In the current study, there was a wide range of chronological ages (28–55). In order to determine whether correlations with age stem from the advantage of the older participants, we divided participants with intellectual disability into two groups (older or younger than 40). T‐test analysis yielded no significant differences in mental age according to the PPVT between the two age groups. Furthermore, in this study we did not conduct any targeted intervention of storytelling. Thus, the correlation between storytelling and chronological age that was found in our study can be attributed to the maturity of adults with intellectual disability and their cumulative life experience that helps them acquire and improve their repertoire of narrative macro‐structure skills. In addition, our participants with intellectual disability attend the Empowerment Project. (Lifshitz et al., 2016) which is positively linked with performance on crystallised and fluid intelligence tests. The storytelling of adults with intellectual disability who do not participate in PSE should therefore be examined.

CONCLUSIONS

Narrative retelling, especially in a multi‐episode narrative, involves complex operations. To our knowledge, this is the first study to investigate the narrative abilities of adults with intellectual disability focusing in on microstructure, macrostructure and ISTs compared to TD peers. In this study, narratives, as in former studies of children and adolescents with intellectual disability, were produced from a wordless story book. In the narrative analysis conducted, it was important for us to relate inclusively to microstructure, macrostructure and internal state terms. For these narrative measures, we examined 20 microstructure components, 16 macrostructure components and 7 internal state terms. These 43 different components were examined in order to allow future research related to narrative ability analysis in general and narrative analysis among adults with intellectual disability, in particular, to focus on the components that distinguish between groups.

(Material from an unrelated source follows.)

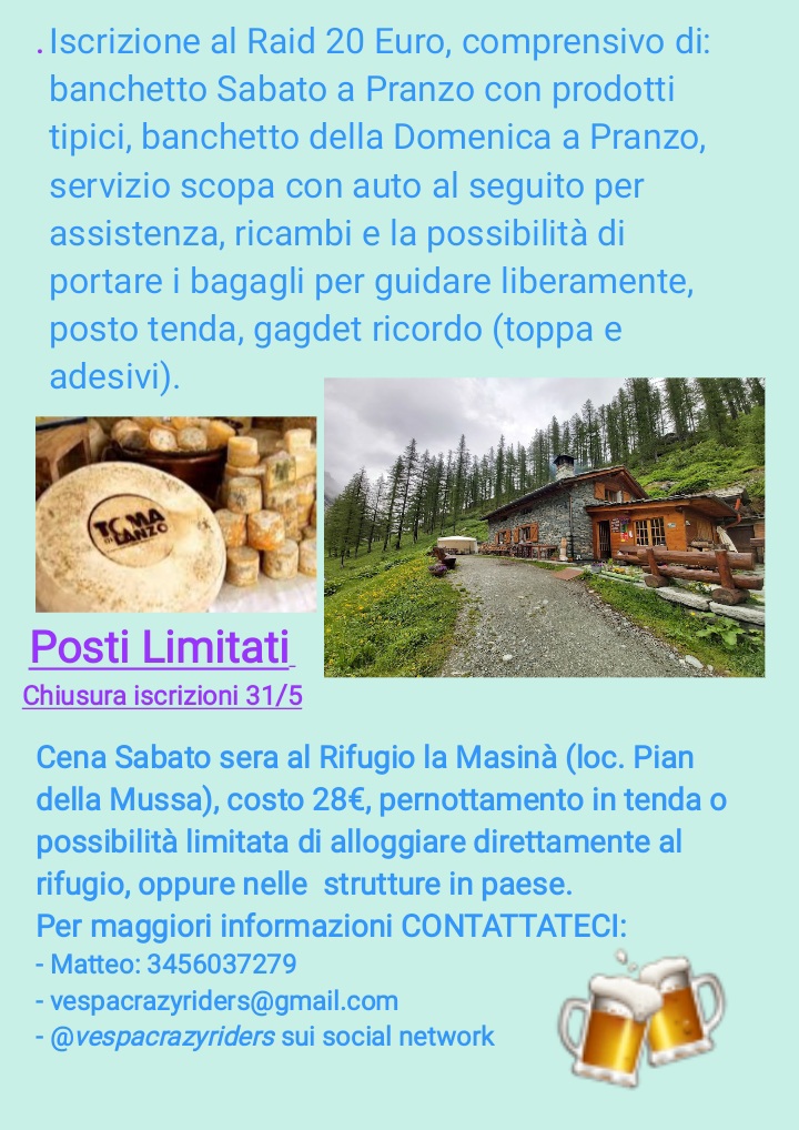 Iscrizione al raid 20€, comprensivo di: banchetto sabato a pranzo con prodotti tipici, banchetto della domenica a pranzo, servizio scopa con auto al seguito per assistenza, ricambi e la possibilità di portare bagagli per guidare liberamente, posto tenda, gadget ricordo (toppa e adesivi).
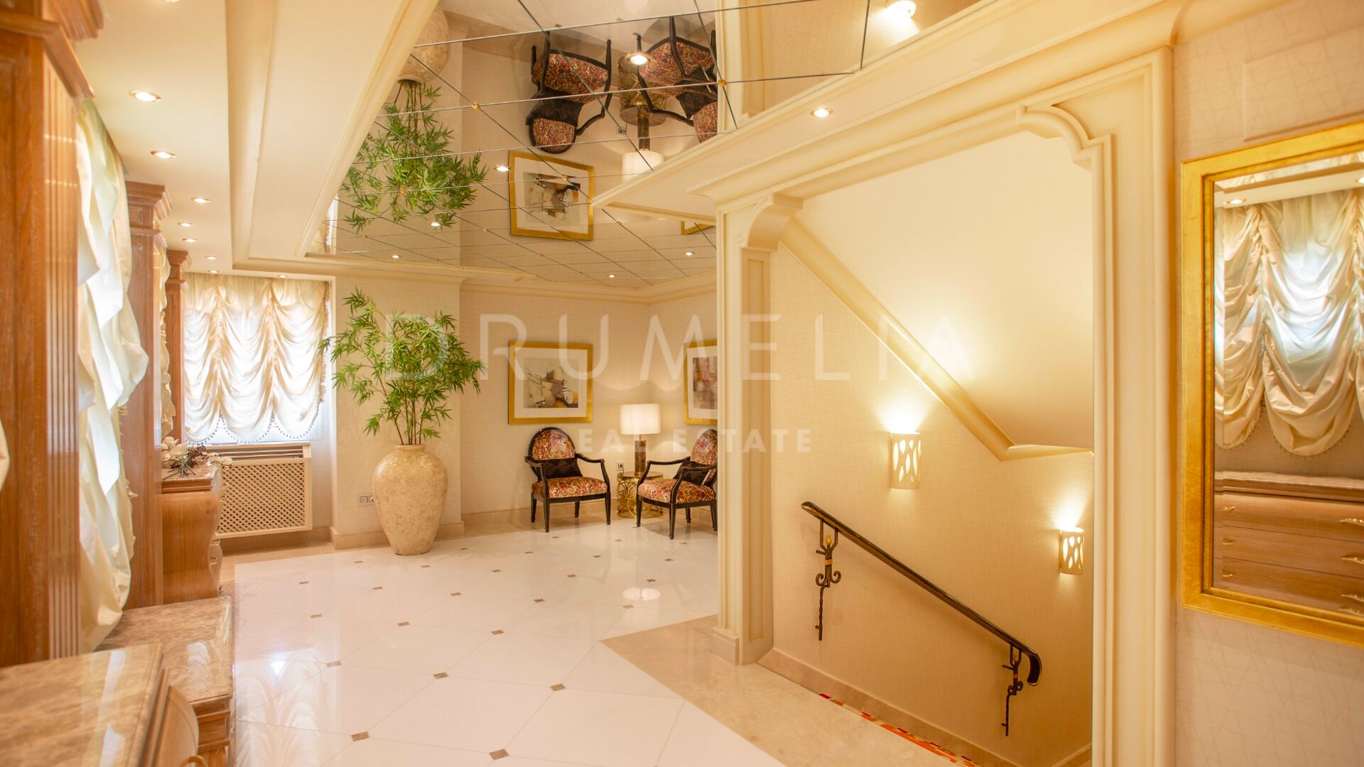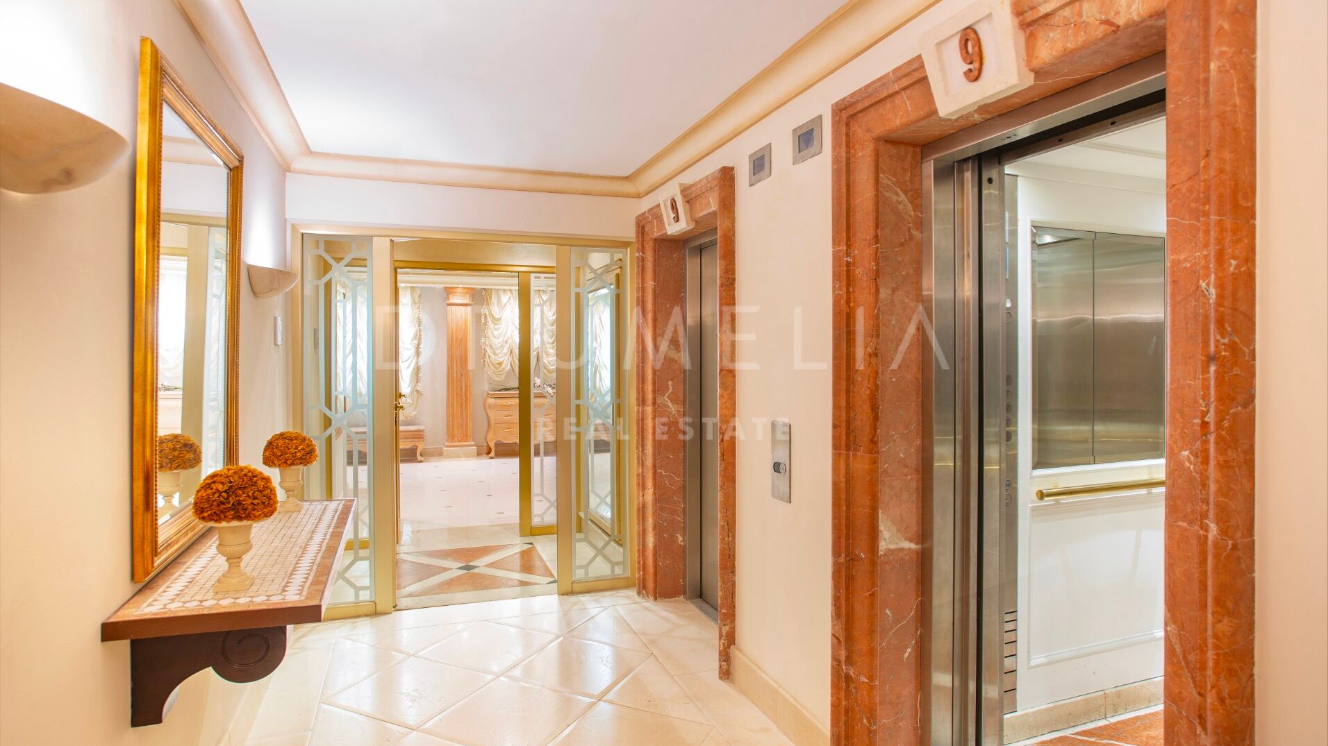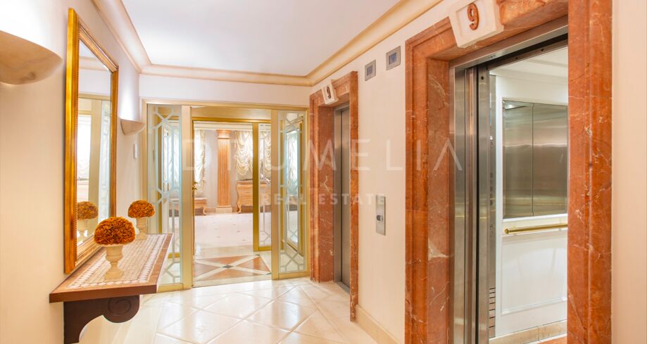 Located on the ninth floor, this expansive dwelling is among the most prestigious within the resort, featuring private lift access, an elegant entrance hall, and a grand living area that exudes opulence and splendor. Lavish décor, exquisite furnishings, and breathtaking sea views from the numerous windows enhance the vast living space, creating an awe-inspiring atmosphere of luxury and serenity.

These study findings may suggest that adults with intellectual disability have acquired the conceptual knowledge needed for producing the story scheme, relating the character's thoughts and emotions. It has been evidenced that in spite of their weakness in expressing coherence in complex and grammatical sentences, their macrostructure skills and their basic microstructure skills serve as compensation in better story production. It may be explained that these skills are still developing due to age, life experience and the influence of their academic environment. The new knowledge about narrative skills by adults with intellectual disability, their strengths and weaknesses may challenge long‐held perspectives about the ability of storytellers with intellectual disabilities and enable them to gradually develop their narrative language. It will also enable researchers to approach narrative and other storytelling‐based methodologies in a more responsive way.